Data shown:

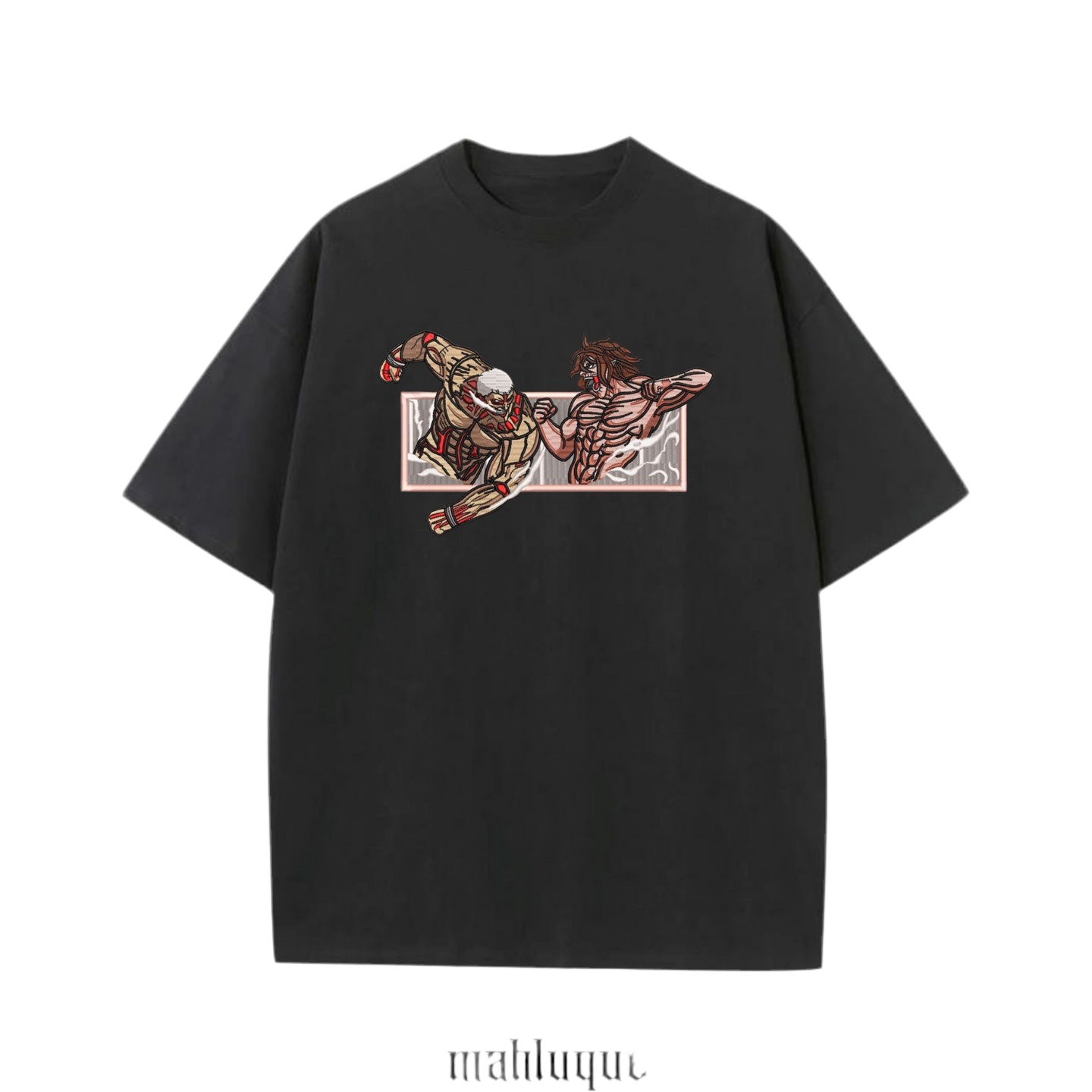 İhanetle adaletin, geçmişle intikamın çarpıştığı an: Titan Clash Oversize T-shirt efsanevi bir yüzleşmeyi taşıyor. Attack on Titan evreninin en ikonik savaş sahnesinden ilham alan bu tasarım, iki dev karakterin karşı karşıya gelişini güçlü bir grafikle sunuyor.
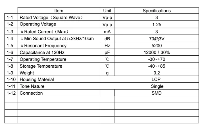 | Type: | Buzzer; | Housing Material: | LCP; |
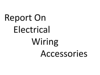 This document provides definitions and information about electrical wiring accessories. It discusses different types of wiring systems used in residential and commercial buildings like cleat wiring, casing and capping wiring, conducting wiring, and C.T.S. or T.R.S. wiring. It also covers wiring accessories required for domestic wiring, curriculum for house wiring, types of conducting wiring, and advantages and disadvantages of different wiring methods. The document concludes with a summary of the electrical accessories market trends.

Assignment:
The required output is each line above restated verbatim, with all images omitted.

Solution for this task:
 İhanetle adaletin, geçmişle intikamın çarpıştığı an: Titan Clash Oversize T-shirt efsanevi bir yüzleşmeyi taşıyor. Attack on Titan evreninin en ikonik savaş sahnesinden ilham alan bu tasarım, iki dev karakterin karşı karşıya gelişini güçlü bir grafikle sunuyor.
 | Type: | Buzzer; | Housing Material: | LCP; |
 This document provides definitions and information about electrical wiring accessories. It discusses different types of wiring systems used in residential and commercial buildings like cleat wiring, casing and capping wiring, conducting wiring, and C.T.S. or T.R.S. wiring. It also covers wiring accessories required for domestic wiring, curriculum for house wiring, types of conducting wiring, and advantages and disadvantages of different wiring methods. The document concludes with a summary of the electrical accessories market trends.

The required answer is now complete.